In recent months, developers have made it clearer than ever that building an automated vehicle requires driving over a veritable mountain of problems. The technical challenges are numerous, and keep cropping up. How will the robots’ expensive, sometimes-sensitive sensors handle snow, rain, sand, and hail? What about construction zones and unrelenting sun glare? Can the vehicles be trained to prepare for hard-to-imagine road situations—a truck that suddenly unloads its cargo, or a roadster that makes an unusual (or irrational) maneuver on the road? How will they communicate with humans, who have their own, subtle road culture?
Self-driving developers have responded by limiting where their cars go, and when, restricting them to well-mapped, carefully selected terrain. It explains why even though some folks test in tricky areas like San Francisco and Pittsburgh, most of the public-facing services stick to simple routes or calm areas with reliably good weather. May Mobility CEO Ed Olson once called this kind of geofencing a "scalpel for carving away the tricky areas."
One of the deciding factors in where those geofences get built is regulation. Congress failed this year to pass any sort of national self-driving legislation, so it’s still up to local governments to make the rules. In some states, like Arizona and Florida, lawmakers have flung their doors open to self-driving companies, placing few limits on how testing works and what the companies must disclose. “Las Vegas and Nevada were some of the early supporters of autonomous vehicle testing and developers,” says Iagnemma. “They made it very clear what you had to do to get on the road”—legally defining and passing rules for licensing self-driving in 2011—“and that was very important from a strategic perspective.”
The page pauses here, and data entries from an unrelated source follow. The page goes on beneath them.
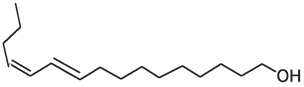 Кроме того, в таком виде проще сравнить эти молекулы с молекулами, которые синтезируют другие насекомые. Например, бомбикол — это феромон, или половой аттрактант, который синтезируют самцы тутового шелкопряда. В отличие от молекулы, синтезируемой пчелиной маткой (которая также является феромоном), эта молекула состоит из шестнадцати атомов углерода, имеет две двойные связи вместо одной и не содержит группы COOH.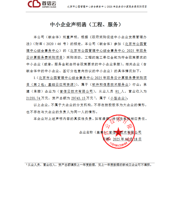 二、项目名称:北京市公园管理中心综合事务中心2025年政务云计算服务费采购项目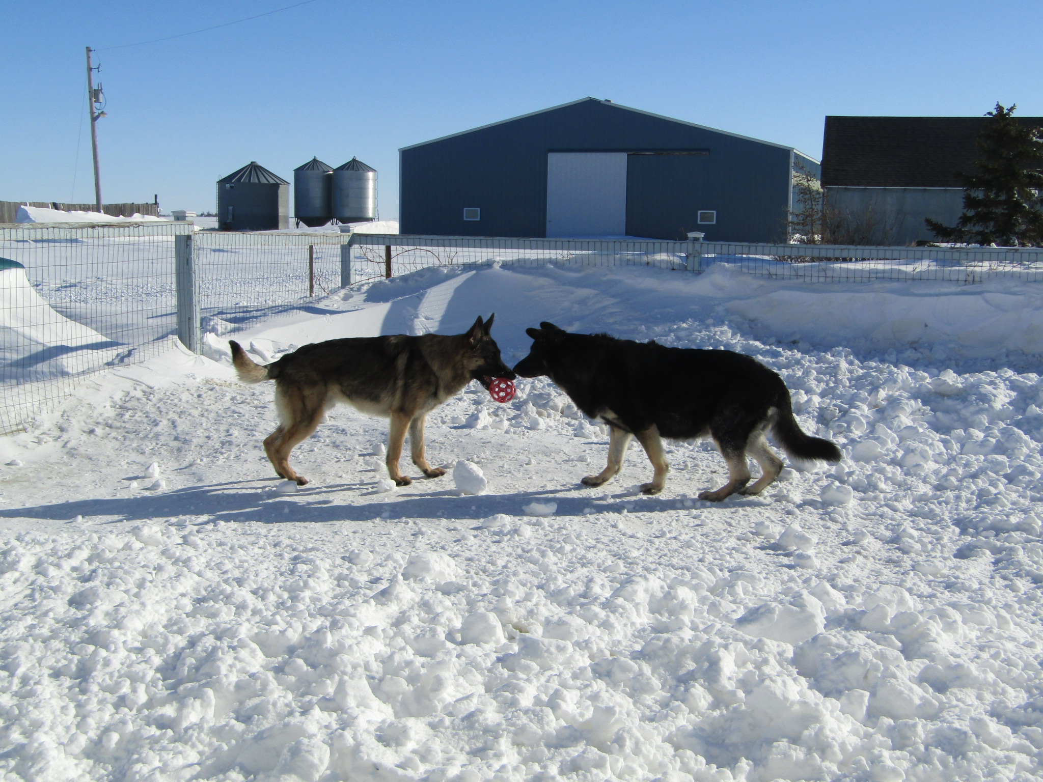 Update. Teddy is doing great. He will be 1 year old May 3. Here's a picture of my two dogs playing outside on one of the nice days we have had lately. The black one is Trixie. She's 5 years old.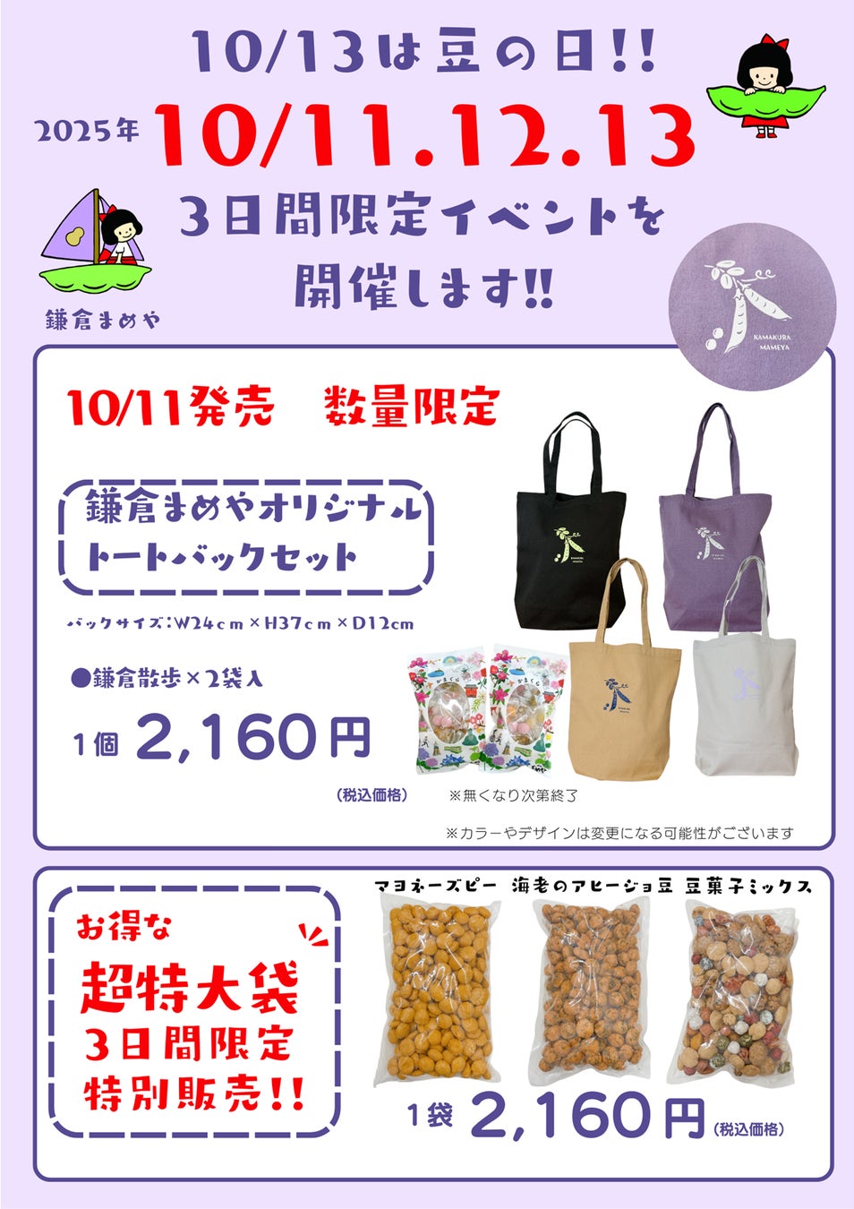 鎌倉まめや「豆の日(10月13日)」にちなんで3日間のお客様感謝イベント開催!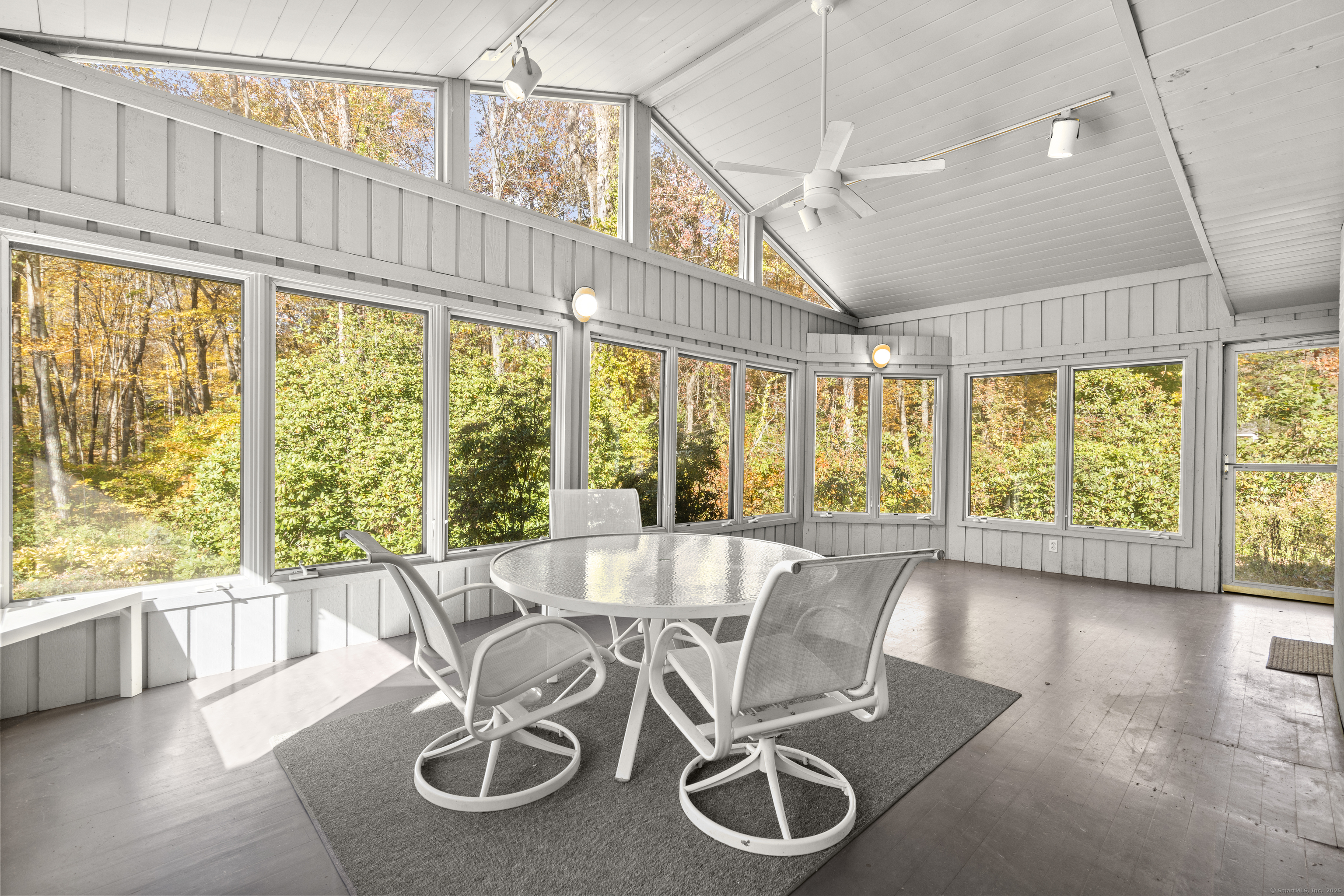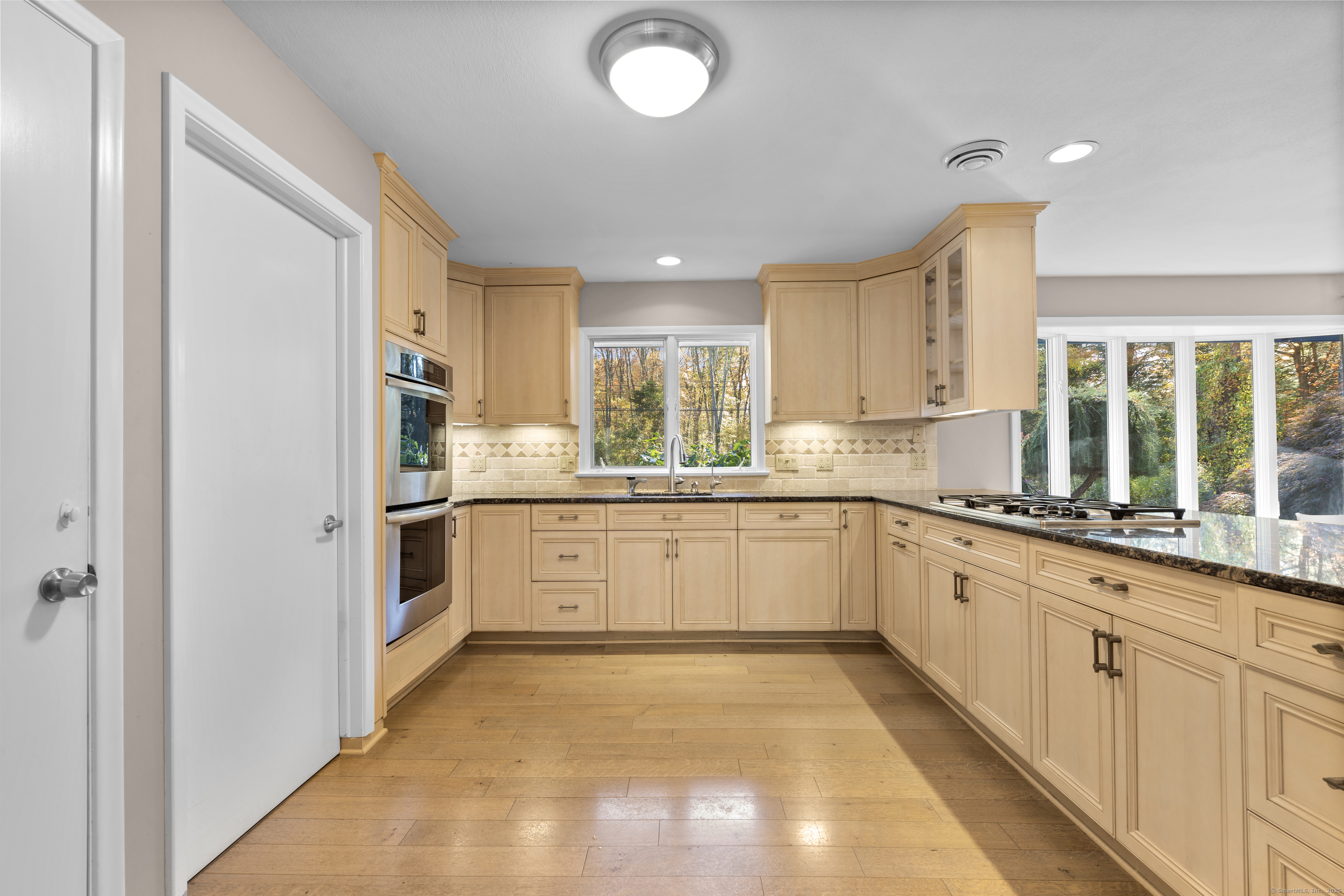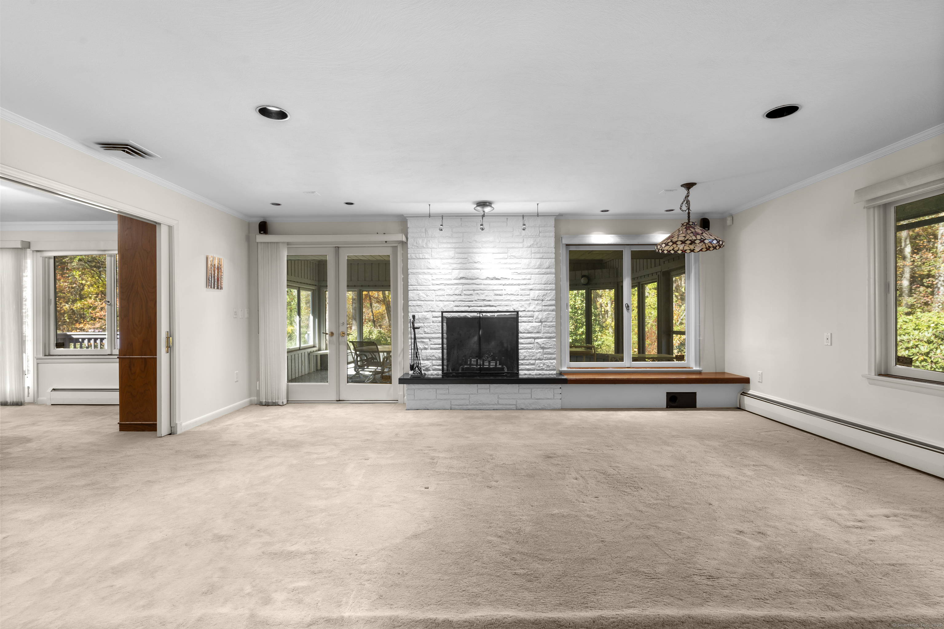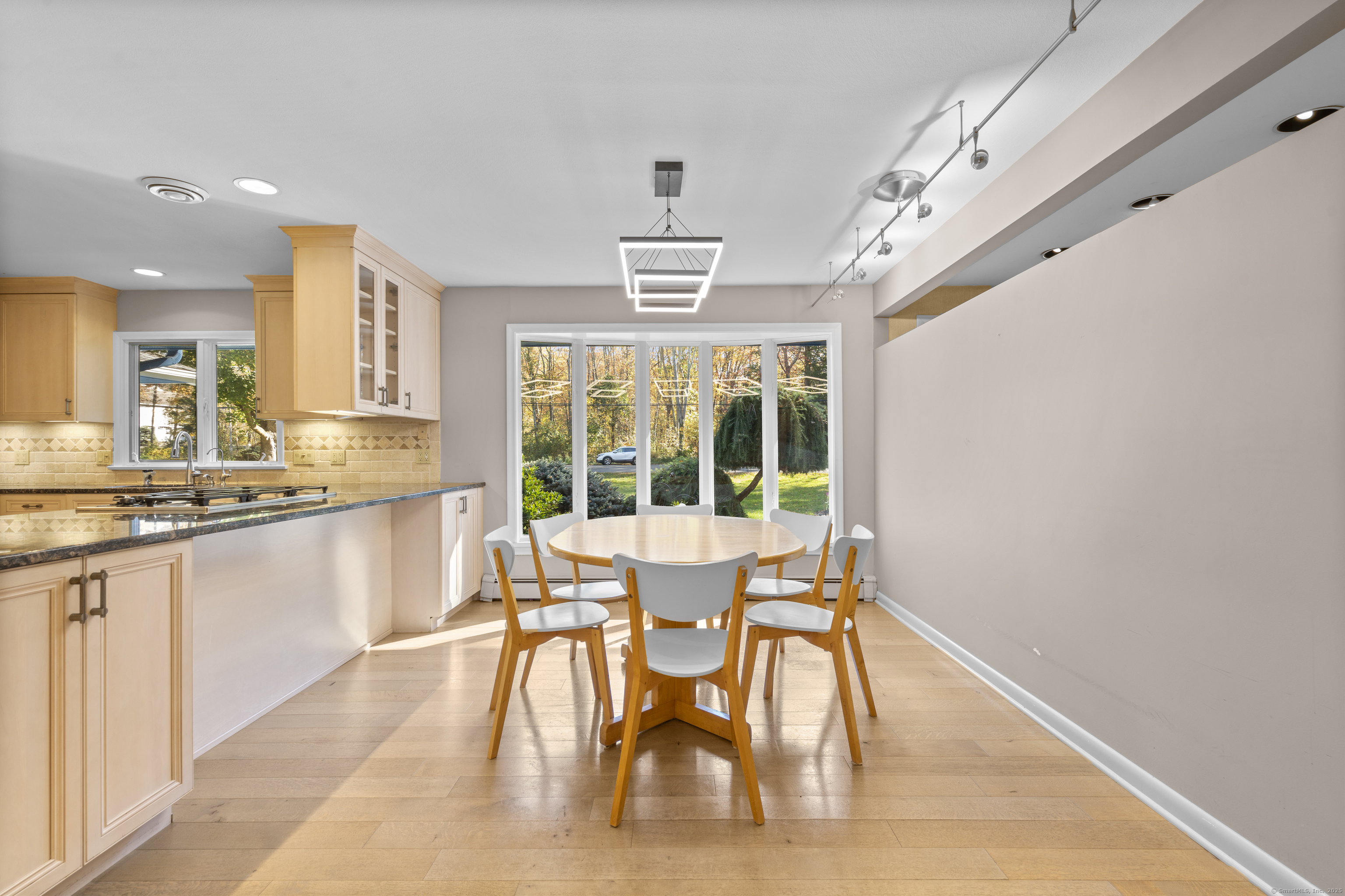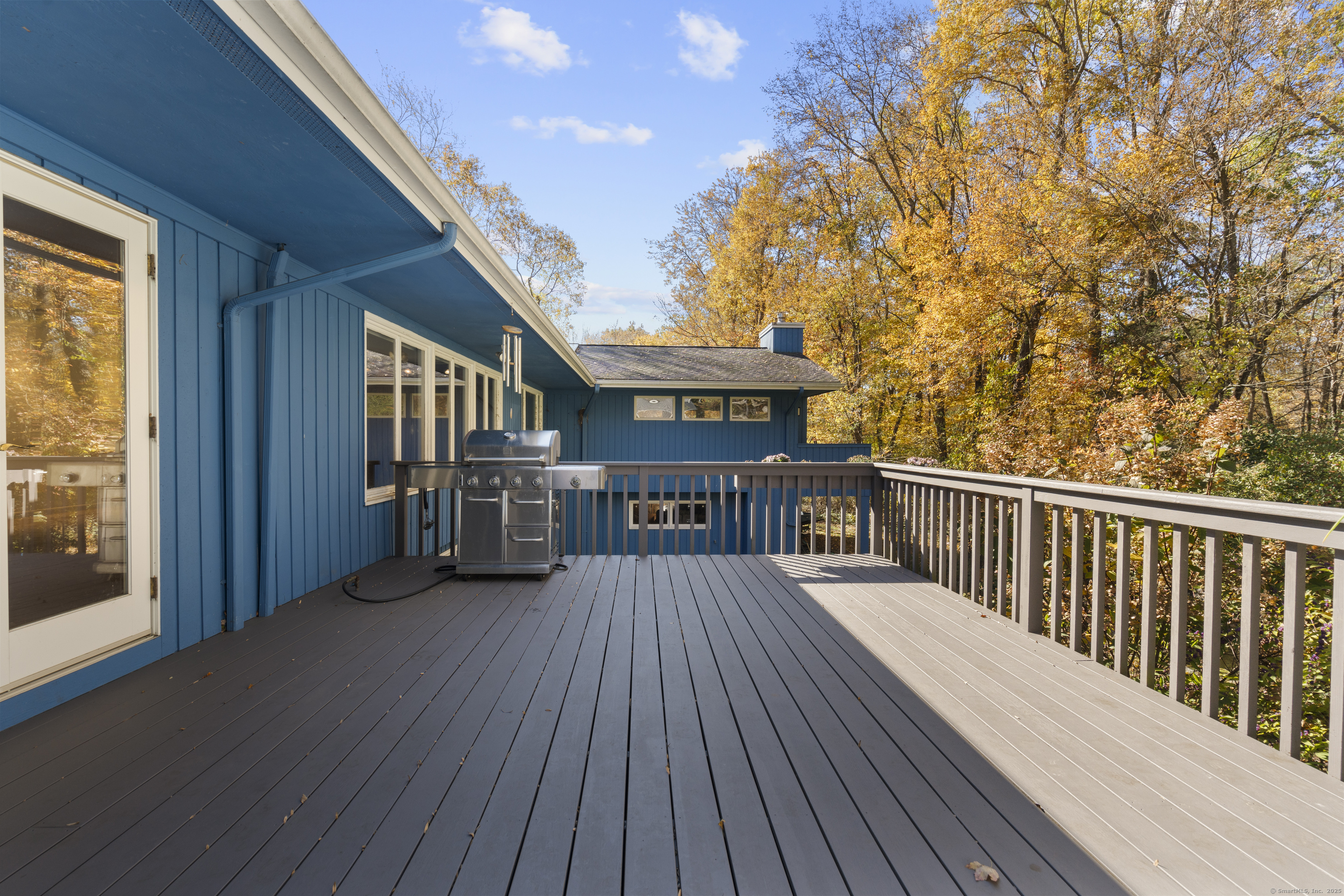 One-Level Living at Its Finest! Discover this expanded 3,522 sq. ft. ranch offering 10 rooms, 4 bedrooms, and 3.5 baths, perfectly sited on a serene 1.4-acre lot at the end of a peaceful cul-de-sac. Generously sized living spaces include an open-concept living and dining area that flows seamlessly into a family room with a fireplace and adjacent powder room-ideal for both casual gatherings and elegant entertaining. From the family room, double doors open to a three-season porch with cathedral ceilings and a large deck overlooking professionally designed gardens. Relax by the koi pond while enjoying tranquil views of Race Brook. Bathed in natural light, the fully updated eat-in kitchen features granite countertops, a breakfast bar, high-end appliances, and abundant custom cabinetry. The primary suite is a private retreat with cathedral ceilings, a luxurious updated ensuite bath, dressing area, gas fireplace, and its own private deck-making every morning a joy. A spacious study with garden views can be accessed from either the suite or the main hallway. Three additional bedrooms, a full bath, and a laundry room complete the main level. The lower walk-out level offers an additional 1,035 sq. ft. of finished living space, including full-height windows, a full bath, and two large walk-in cedar closets-perfect for a guest suite, media room, or home gym. Additional features include multi-zone heating, two-car garage with a Tesla charging station and whole house generator.

Other places like California and New York have passed more restrictive rules, requiring companies to pay larger fees to test or submit data on their operations. So fewer companies are thinking about offering their first services there. (California may be the exception, because the engineering workforce lives in the state.)
Some outfits keep their cars within the bounds of planned communities or campuses. One of Optimus Ride’s two current deployments is in Union Point, a planned community in the Boston suburbs. (The other is in Boston's Seaport.)1 The self-driving company Voyage tests in retirement communities in California and Florida, lands of warm and unfussy weather, well-maintained roads, simple traffic patterns, and slower street speeds. “I liken the driving to listening to a podcast at 0.75x speed,” CEO Oliver Cameron wrote in a blog posted earlier this month. “You can drive for miles and avoid complex lane merges—or even traffic lights! In other words, a self-driving car’s dream.”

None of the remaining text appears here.